Trump Vetoes Bill Ending Support for Saudi Coalition in Yemen
Should Congress try to override the veto?
by Countable | 4.17.19
President Donald Trump on Wednesday vetoed a bill that would require the withdrawal of U.S. military support for the coalition led by Saudi Arabia that’s fighting the Iran-backed Houthi rebels in Yemen using authority granted to Congress under the War Powers Resolution.
In his veto message, President Trump called the bill “an unnecessary, dangerous attempt to weaken my constitutional authorities”, and explained:
“Since 2015, the United States has provided limited support to member countries of the Saudi-led coalition, including intelligence sharing, logistical support, and, until recently, in-flight refueling of non-United States aircraft… None of this support has introduced United States military personnel into hostilities.”
The bill’s sponsor, Sen. Bernie Sanders (I-VT), offered the following response to Trump’s veto:
“I am disappointed, but not surprised, that Trump has rejected the bi-partisan resolution to end U.S. involvement in the horrific war in Yemen. The people of Yemen desperately need humanitarian help, not more bombs.

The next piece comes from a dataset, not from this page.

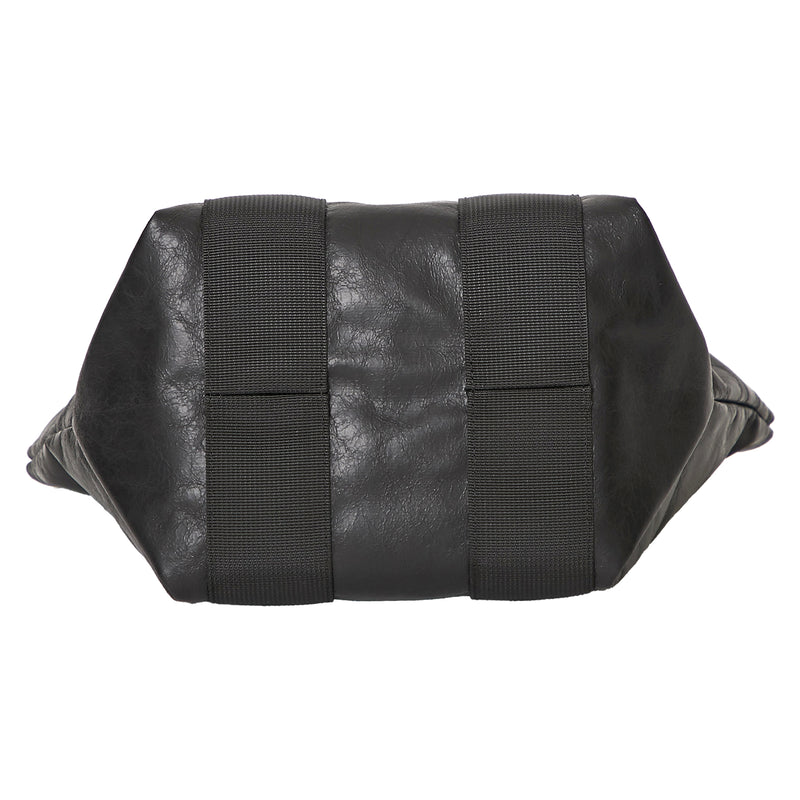 内ポケット付きなので、鍵やパスケースなどの小物も整理して収納できます。底板が付いているので、荷物を入れても型くずれしにくく、いつでもきれいなシルエットでお持ちいただけます。また鞄を置いたときも安定感があります。開口部は荷物の飛び出しを防ぐスナップボタン付きです。
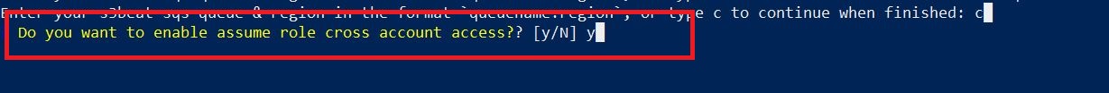 - If you want to enable cross-account access of some objects, type y. Otherwise, press Enter and go to the next numbered step.

My colleagues and I will continue our efforts to reassert Congress’ constitutional responsibility over war making and end U.S. involvement in unauthorized and unconstitutional wars.”
The bill now goes back to the Senate, which may vote on an effort to override the veto after it returns from its spring recess on April 29th. If a vote is held it is likely to fail barring a significant change in the opinion of more than a dozen senators, given that the 54-46 vote in favor of its initial passage is well shy of the two-thirds majority needed to override a veto.
This is the second piece of legislation President Trump has vetoed and it comes a little more than a month after his first, which was a bill to terminate his border security emergency declaration that lacked the support to override the veto.